Young & Co's Brew. - Half-year Report






















Adjusted operating profit(1)








Operating profit








Adjusted profit before tax(1)








Profit before tax








Adjusted basic earnings per share(1)








Basic earnings per share








Interim dividend per share




All of the results above are from continuing operations.

(1) Reference to an "adjusted" item means that item has been adjusted to exclude exceptional items (see note 3).


·      Another period of strong performance, with total revenue up 8.8% to £156.8 million along with a 4.7% increase in adjusted EBITDA to a half-year record of £40.4 million

·      Combination of a well-invested, premium estate and the hottest English summer on record delivered 5.2% like-for-like sales increase in managed houses

·      Continued trend of exceptional summer results - average like-for-like sales growth of 5.6% over the past seven years

·      Ram Pub Company (tenanted division) delivered an equally strong performance with like-for-like sales up 4.8% despite the hot summer having less impact due to a smaller proportion of outdoor space

·      Investment of £13.5 million during the period, a slight decrease on 2017 due to fewer acquisitions, with one new managed pub. Increased spend on the existing estate through nine major refurbishment projects within the managed estate and four within the Ram Pub Company

·      Healthy cash generation reduced net debt by £15.1 million to £125.4 million - strong balance sheet with gearing of only 22.1% provides the financial capacity for further investment

·      22nd consecutive year-on-year interim dividend increase with a 6.0% rise to 9.97 pence

·      Strong trading in the first six weeks of the second half, with managed house revenue up 7.2% and up 3.9% on a like-for-like basis.
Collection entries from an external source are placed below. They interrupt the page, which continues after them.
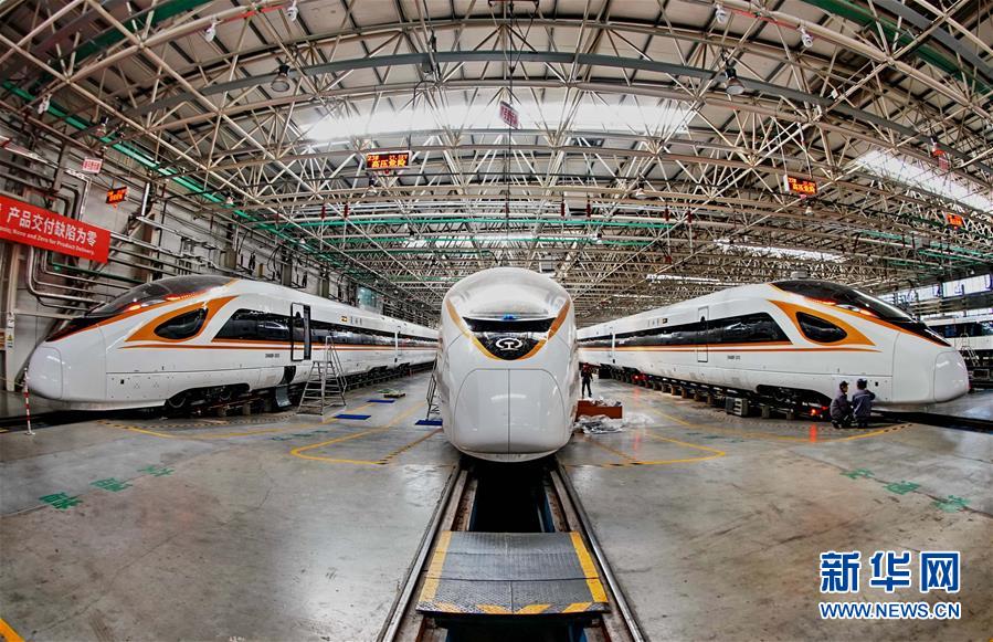 中車唐山機(jī)車車輛有限公司的工人在復(fù)興號(hào)動(dòng)車組生產(chǎn)線上工作(3月23日攝)。 新華社記者楊世堯攝
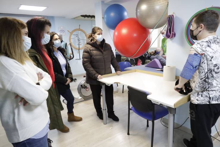 Visita ADISFIM (1)pImagen en alta resolución. Este enlace se abrirá mediante lightbox, puede haber un cambio de contextoVisita ADISFIM (1)pLa Alcaldesa, Noelia Posse, ha visitado hoy los talleres de fisioterapia y terapia ocupacional que ofrece en el municipio la Asociación de Discapacitados Físicos de Móstoles (ADISFIM) para el tratamiento y rehabilitación de personas con diversidad funcional.
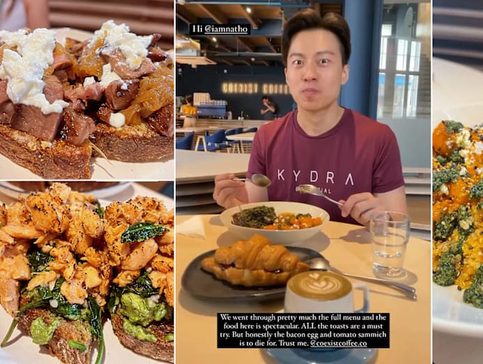 Yummy factor: From a grain bowl with tender beef, quinoa and cubed pumpkin to the hearty open-faced toasts and croissants, Nat certainly ate his fill alongside Kimberly Wang at Coexist Coffee’s second and latest outlet in the Keong Saik neighbourhood.

Patrick Dardis, Chief Executive of Young's, commented:

"I am very pleased to report another strong period of trading, driven by our well-invested managed house estate which has once again outperformed the wider market. 

"Propelled by the hottest English summer on record, our beautiful riverside locations, stunning gardens and growing number of roof terraces helped to deliver 5.2% like-for-like sales growth in our managed houses, continuing our trend of exceptional summer performances with average like-for-like sales growth of 5.6% over the past seven years.

"Drink sales enjoyed a particularly strong summer with double digit growth of just over 10% in total and 7.4% on a like-for-like basis while recent investment in our hotel business saw accommodation sales rise by just over 18% during the period. 

"Despite severe cost headwinds and ongoing political uncertainty, our expectations for the full year remain unchanged and, thanks to one of the lowest levels of gearing in the sector, we have significant financial capacity for future investment with a strong pipeline of acquisition opportunities."


After a memorable summer, we've started the second half of the year well; total sales in the past six weeks are up 7.2% and up 3.9% on a like-for-like basis. 

In the second half of the year, we will see further benefit from 'SMITHS' of Smithfield (Smithfield Market) and the Candlemaker (Cannon Street) as they continue to ramp up following their refurbishments although this will be partly offset by the closure of the Park (Teddington) and the Bridge (Chertsey) due to their planned redevelopments. We will soon be on site at Kidbrooke Village, where we will be opening a brand-new pub next spring, and we recently exchanged contracts on another freehold, the People's Park Tavern (Victoria Park). Acquisitions remain an integral part of our strategy and our pipeline remains strong.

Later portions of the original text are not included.